**COLLECTED MATERIAL**

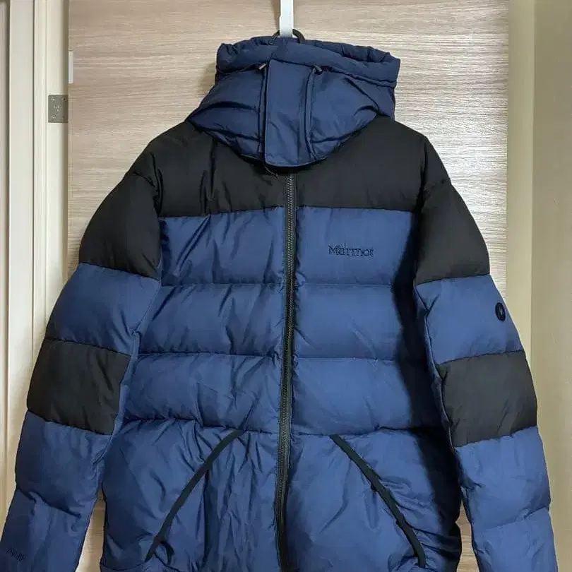 Marmot의 네이비와 블랙 다운 자켓, 로고 자수가 있어 스타일리시한 디자인입니다.
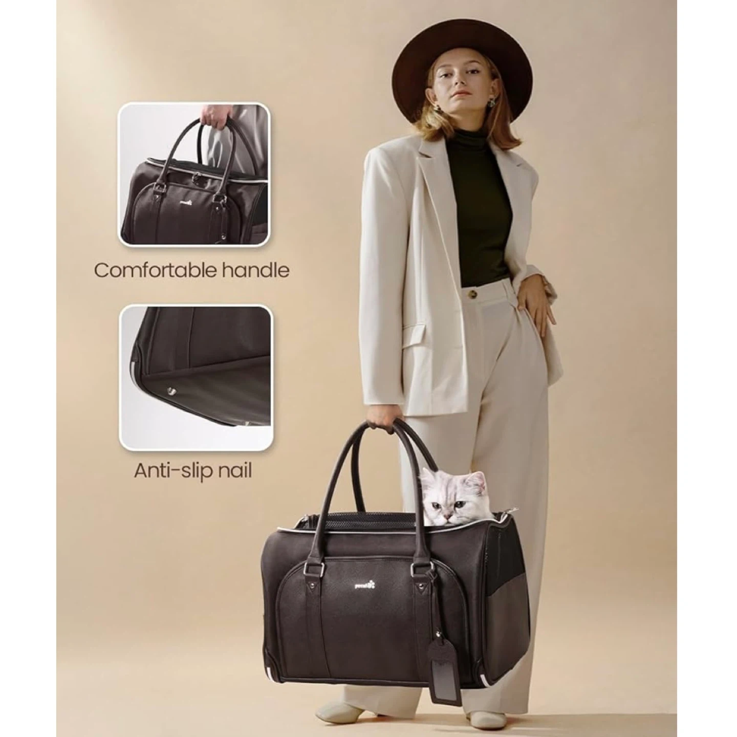 Show allPecute Faux Leather Fabric Pet Carrier (DARK BROW)
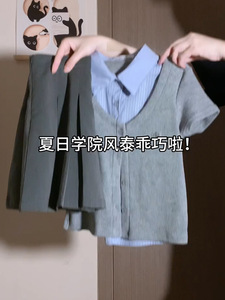 初夏搭配一整套女大方得体穿搭小个子韩系千金学院风套装连衣裙子
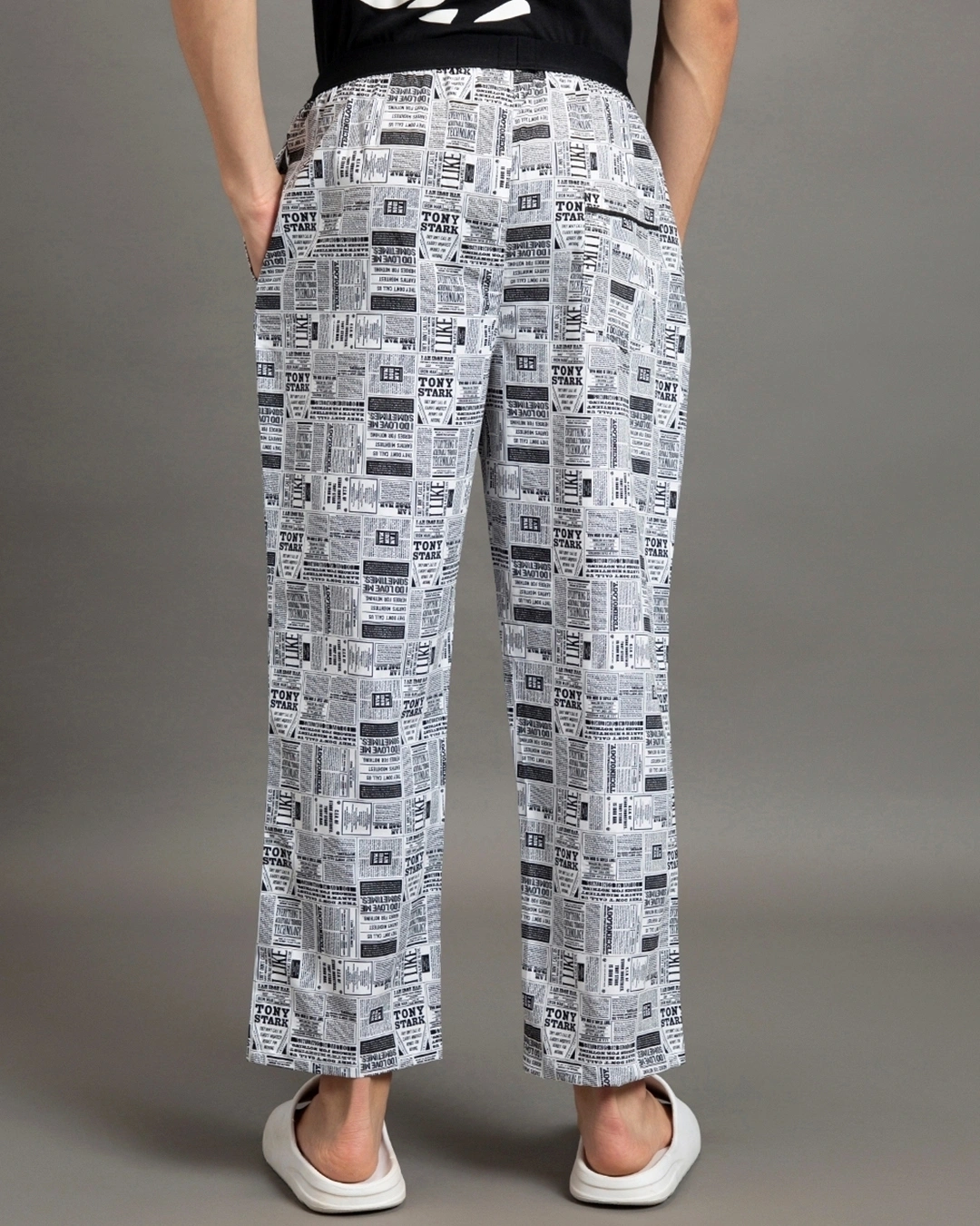 Discover the ideal combination of comfort and elegance with these All Over Printed Men’s White Pyjamas. Pair them with a t-shirt and sliders for a laid-back appearance.

**WHAT THE EXERCISE ASKS**
Produce the full material again verbatim, with the pictures dropped.

**RESPONSE TO THIS EXERCISE**
 Marmot의 네이비와 블랙 다운 자켓, 로고 자수가 있어 스타일리시한 디자인입니다.
 Show allPecute Faux Leather Fabric Pet Carrier (DARK BROW)
 初夏搭配一整套女大方得体穿搭小个子韩系千金学院风套装连衣裙子
 Discover the ideal combination of comfort and elegance with these All Over Printed Men’s White Pyjamas. Pair them with a t-shirt and sliders for a laid-back appearance.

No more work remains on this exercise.